The Flying Cell Site: Hackers take to the air

You’ve got to love the annual Black Hat conference in Las Vegas; it’s the place to be for all the latest hacking scams and security concerns. Mike Tassey and Richard Perkins drove into Vegas with their latest demo, not believing the amount of attention they were to receive, because Mike and Rich have built an unmanned drone aircraft and equipped it with some extremely clever communications gear. The result is a flying base station that can intercept your calls.

 

Called the WASP (Wireless Arial Surveillance Platform), the flying base station is also a wi-fi packet sniffer, and it was all constructed from commercially available parts for around $6,000. The aircraft’s frame is a used US Army target drone that was bought for less than $300 on the internet. They then added a GSM radio to turn it into a mobile cellphone tower, a video camera to monitor the ground, a tablet computer to do the processing, and a USB dongle to give it internet connectivity. They wrote bespoke software to make it all work.

 

Demonstrating the WASP’s abilities to reporters from AFP (a static demo, as Las Vegas authorities wouldn’t permit a flying display), Perkins said:

 

“We loaded it up with the ability to attack wi-fi, Bluetooth, and GSM cellular networks.

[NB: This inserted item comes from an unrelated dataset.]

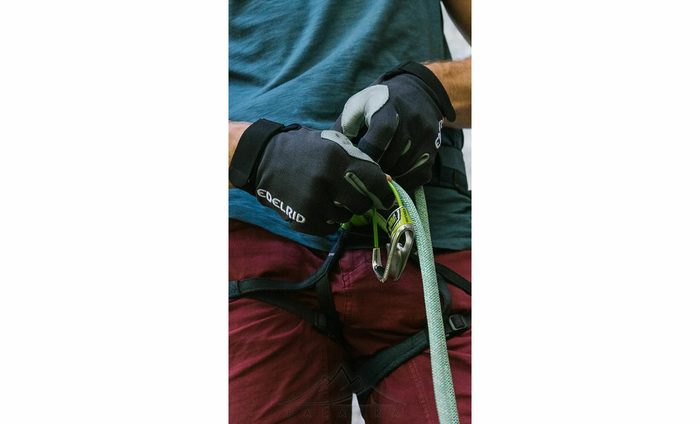 - Завдяки відкритим кінчикам великого та вказівного пальців забезпечують точність і чутливість рухів, що особливо зручно під час муфтування карабінів чи роботи з дрібними елементами спорядження.

I can take the various pieces of your digital life – Bluetooth headset, cell phone, wi-fi – and find the least secure place you exist and attack you there.”

 

Perkins added that the WASP can intercept data packets during transmission on wireless networks, collect GSM handset identification numbers (a process known as IMSI catchers) that can then be used to bill outgoing calls, and can allow hackers to impersonate cell towers to eavesdrop on calls. It can also use unsecured wi-fi hot spots as gateways for cyber attacks.

 

All the drone has to do to hack a mobile conversation is broadcast the same signal as the fixed (and legitimate) base station. A user’s phone will handshake with the strongest signal, which in this case will be the drone circling overhead. Naturally, you then have to know how to decrypt the information you collect, but that knowledge is available to any intelligent person with access to the internet (if you don’t believe us, wait until you read tomorrow’s report from the Black Hat conference).

 

To comply with US FAA regulations, the drone can fly no more than 400 feet above the ground, and within sight of whoever is using the remote control. But that’s fine for covert operation, say Perkins and Tassey, as potential ‘targets’ are likely to be within buildings and won’t notice the drone. And even if they did, would anyone think they are being spied upon?

 

Of course, what they are really doing is demonstrating the weaknesses and vulnerabilities of our communications networks, in a rather novel way. As Tassey says:

 

“If we thought about it, someone else has and they're just not telling you. All this requires is dedicated people. This does not come with morals or ethics.”

 

But it’s not all about the negatives. Perkins told AFP that the drone could find mobile phones in disaster areas, potentially leading rescuers to survivors. It could also fly over a disaster site to act as an emergency temporary base station.

 

Tassey and Perkins have published a video that was taken from an earlier test flight, together with much more information on their blog. So are drones the future of network hacking?